Suara.com - Ekspedisi Indonesia Baru meluncurkan film dokumenter terbaru "17 Surat Cinta" yang menceritakan tentang perjuangan dalam mempertahankan dan menjaga kelestarian alam di Suaka Margasatwa (SM) Rawa Singkil, Aceh.
Film ini digarap bersama dengan sejumlah organisasi lingkungan seperti Greenpeace Indonesia, Auriga Nusantara, Forest Watch Indonesia (FWI), Yayasan HAkA, dan Pusaka Bentala Rakyat.
Film ini mengangkat berbagai permasalahan besar yang terjadi terus menerus di SM Rawa Singkil, mulai dari deforestasi ilegal yang terjadi secara sistematis,
jual beli lahan hutan, hingga ekspansi perkebunan sawit ilegal yang melibatkan berbagai perusahaan besar.
Padahal, SM Rawa Singkil merupakan hutan gambut yang merupakan wilayah konsevasi yang dihuni oleh berbagai hewan langka seperti orangutan, gajah dan harimau.
Baca Juga: Kabar Duka dari Dandhy Laksono, Istri Meninggal di Usia 50 Tahun
Sutradara Film "17 Surat Cinta", Dandhy Laksono mengatakan, SM Rawa Singkil bukan satu-satunya wilayah yang kini sedang dibabat oleh alat-alat berat, melainkan deforestasi juga terjadi dari Sabang hingga Merauke.
Melalui film ini Dandhy mengatakan, nampak adanya kelemahan dari tata kelola pemerintahan terkait wilayah konservatif yang sebetulnya merupakan area yang dilindungi dan harus dilestarikan.
"Film ini membuktikan bahwa sudah ditetapkan sebagai wilayah konservasi tapi ancamannya tetap ada. Rawa Singkil dan Merauke itu duality extreme yang menggambarkan bahwa gede lu ambil, kecil juga lu sikat," kata Dandhy, Sabtu, (9/11/2024).
Dandhy menyebut, melalui film ini dirinya membawa harapan besar adanya perubahan ke arah lebih baik dari kegaduhan yang selama ini melanda sumber daya alam.

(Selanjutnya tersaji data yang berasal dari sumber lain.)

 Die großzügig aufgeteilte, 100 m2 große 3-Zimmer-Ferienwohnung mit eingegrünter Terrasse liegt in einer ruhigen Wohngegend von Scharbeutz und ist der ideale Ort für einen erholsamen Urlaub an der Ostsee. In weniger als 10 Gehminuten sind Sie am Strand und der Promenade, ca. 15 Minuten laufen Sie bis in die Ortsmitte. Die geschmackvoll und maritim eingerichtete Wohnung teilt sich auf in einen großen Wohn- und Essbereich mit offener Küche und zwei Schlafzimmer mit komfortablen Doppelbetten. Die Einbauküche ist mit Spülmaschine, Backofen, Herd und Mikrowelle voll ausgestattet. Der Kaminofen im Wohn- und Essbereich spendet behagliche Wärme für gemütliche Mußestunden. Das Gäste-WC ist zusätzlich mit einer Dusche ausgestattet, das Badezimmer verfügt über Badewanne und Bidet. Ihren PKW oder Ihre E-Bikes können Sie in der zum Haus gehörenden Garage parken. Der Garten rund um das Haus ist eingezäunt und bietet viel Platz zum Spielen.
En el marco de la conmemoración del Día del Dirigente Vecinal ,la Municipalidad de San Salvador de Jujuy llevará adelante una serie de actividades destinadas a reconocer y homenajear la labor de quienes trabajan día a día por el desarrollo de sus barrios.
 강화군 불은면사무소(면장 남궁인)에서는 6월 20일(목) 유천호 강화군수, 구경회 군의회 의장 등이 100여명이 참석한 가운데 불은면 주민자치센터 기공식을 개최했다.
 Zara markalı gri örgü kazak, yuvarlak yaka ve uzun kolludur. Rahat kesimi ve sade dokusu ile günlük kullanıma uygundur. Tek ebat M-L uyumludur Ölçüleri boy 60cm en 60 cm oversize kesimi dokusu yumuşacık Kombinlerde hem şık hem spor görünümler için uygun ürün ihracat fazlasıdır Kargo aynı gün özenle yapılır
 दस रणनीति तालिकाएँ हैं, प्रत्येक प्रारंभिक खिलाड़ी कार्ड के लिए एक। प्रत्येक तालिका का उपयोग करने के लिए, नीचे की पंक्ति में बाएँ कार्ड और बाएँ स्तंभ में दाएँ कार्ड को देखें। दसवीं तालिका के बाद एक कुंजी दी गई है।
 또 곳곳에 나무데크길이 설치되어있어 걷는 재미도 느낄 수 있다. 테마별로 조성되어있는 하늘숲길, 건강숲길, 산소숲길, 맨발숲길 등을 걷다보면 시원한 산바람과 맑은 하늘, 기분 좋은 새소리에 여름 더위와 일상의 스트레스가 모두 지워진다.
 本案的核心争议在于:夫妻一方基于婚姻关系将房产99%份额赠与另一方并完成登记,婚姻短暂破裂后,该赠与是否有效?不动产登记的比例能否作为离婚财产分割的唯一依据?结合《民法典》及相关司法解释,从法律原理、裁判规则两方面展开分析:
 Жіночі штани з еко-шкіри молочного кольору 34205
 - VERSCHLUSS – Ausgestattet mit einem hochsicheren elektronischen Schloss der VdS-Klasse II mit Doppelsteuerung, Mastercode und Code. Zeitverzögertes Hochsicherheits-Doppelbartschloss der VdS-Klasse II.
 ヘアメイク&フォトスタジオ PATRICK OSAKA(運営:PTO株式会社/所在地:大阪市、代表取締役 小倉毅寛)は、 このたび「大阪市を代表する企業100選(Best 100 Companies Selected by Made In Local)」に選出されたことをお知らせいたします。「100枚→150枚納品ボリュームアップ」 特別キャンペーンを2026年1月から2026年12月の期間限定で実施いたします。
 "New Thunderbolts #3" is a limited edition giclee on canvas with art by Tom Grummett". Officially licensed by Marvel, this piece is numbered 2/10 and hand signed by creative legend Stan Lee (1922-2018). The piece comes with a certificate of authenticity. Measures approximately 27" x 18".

Greenpeace Indonesia, Arie Rompas, mengatakan bahwa melalui film ini terlihat bahwa deforestasi yang terjadi sebagian besar terjadi akibat adanya ekspansi perkebunan sawit ilegal.
"Artinya memang wilayah konservasi meskipun sudah ditetapkan sebagai wilayah konservasi tapi ancamannya tetap serius, karena memang ada kelemahan di tata kelola pemerintahan tadi. Dan apa yang menyebabkan itu sebenarnya adalah komoditas sawit, ini yang mengakibatkan ancaman wilayah konsevasi itu masih nyata," ujarnya.
Direktur Yayasan HAkA Farwiza Farhan menambahkan bahwa film ini mengungkap kenyataan menyedihkan yang dialami masyarakat lokal akibat deforestasi yang di SM Rawa Singkil.
Sebab, deforestasi yang terjadi di wilayah tersebut juga membawa dampak bencana alam yang cukup serius untuk warga lokal dan akhirnya berdampak pada ekonomi mereka.
Di sisi lain, tergambar betapa mudahnya transaksi jual-beli lahan ilegal di kawasan konservasi yang tentunya hanya menguntungkan beberapa pihak dan mengadaikan kesejahteraan masyarakat dan satwa.
"Film ini membuktikan bahwa di kawasan konservasi dengan perlindungan tinggi saja jual-beli tanah ilegal masih terjadi dengan mudah. Apa lagi di kawasan konservasi lain dengan status perlindungan yang lebih rendah?" ujar Farwiza.